Вот как она описывает эту разлуку в «Письмах путешественника»: «Когда мы расстались, я почувствовала гордость и счастье, что ты снова возвращен к жизни: я могла отчасти хвалиться тем, что своими заботами способствовала твоему выздоровлению. Я мечтала, что для тебя начнутся лучшие дни, более спокойная жизнь, что ты вернешься к друзьям юности и к славе. Но когда я распрощалась с тобой и возвращалась одна в гондоле, черной как гроб, я почувствовала, что моя душа связана с твоей. То больное тело, которое ветер качал на волнах лагуны, лишилось души. Меня ждали на ступенях Пьяццеты. „Мужайтесь!“ — сказал он мне. „Да, — отвечала я, — это вы мне уже говорили один раз! Мужайтесь! Мужайтесь! Вы мне это говорили в ту страшную ночь, когда он лежал умирающий на наших руках, когда мы думали, что настал его последний час. Теперь он спасен, и он покидает нас! Он вернется к своей матери, к своим друзьям, к своим удовольствиям, это все очень хорошо! Но думайте обо мне что хотите, я с грустью вспоминаю ту страшную ночь, когда его бледная голова лежала на моем плече, его холодная рука покоилась в моей! Тогда он еще был среди нас, а теперь его больше нет! Он ушел. Так должно было случиться, — мы сами этого захотели. Но его нет более с нами, и это приводит нас в отчаяние!“»

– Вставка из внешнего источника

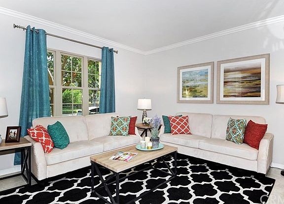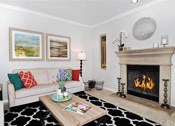 Nestled on a tree-lined street. this stylish and elegant home features designer upgrades throughout. Attractive curve appeal w/bright & sunny orientation boasts designer tile entry, generous family room w/large windows and a romantic fireplace. Large dinning room w/French doors lead out to serene patio w/mountain views. Gourmet kitchen w/Brand New crisp white glass-front cabinets, granite counters, subway tile backsplash and SS appliances including a Brand New Dishwasher. French Doors from Kitchen lead out to a professionally landscaped courtyard ideal for relaxing with morning coffee and casual al fresco dinning. Highly desired downstairs bedroom opens to a bright & sunny private yard. Upstairs features Large Size Master Suite boasting tree-line views, upgraded spa-like master bathroom complete w/his & her vanities, caesar stone, deep soaking tub, oversized glass-door shower and spacious walk-in closet. Sizable third bedroom with an on-suite, convenient laundry room and separate loft with extra cabinets adding to this home's value. Additional upgrades: custom paint, crown moldings, neutral berber carpet, epoxy garage. Steps away from resort style amenities of award winning Woodbury w/ 8 pools, heated spas, lighted Tennis Courts, Tot Lots...

Развязка этой любовной истории дала еще больше пищи сплетне, чем ее начало. Небольшой круг близких знакомых Жорж Санд радовался, что она разорвала связь, которая ничего не могла ей принести, кроме горя и унижения. Многочисленные друзья и поклонники Мюссе обвиняли ее в кокетстве, в бессердечии, в коварстве. Мюссе вернулся в Париж, полуоправившись от болезни, исхудалый, постаревший на вид; они видели, что он страдает, что его сердцу и его самолюбию нанесена глубокая рана, что он снова прибегает к прежнему средству забыться — к кутежам и легким любовным связям, — они боялись за его жизнь и за его молодой талант.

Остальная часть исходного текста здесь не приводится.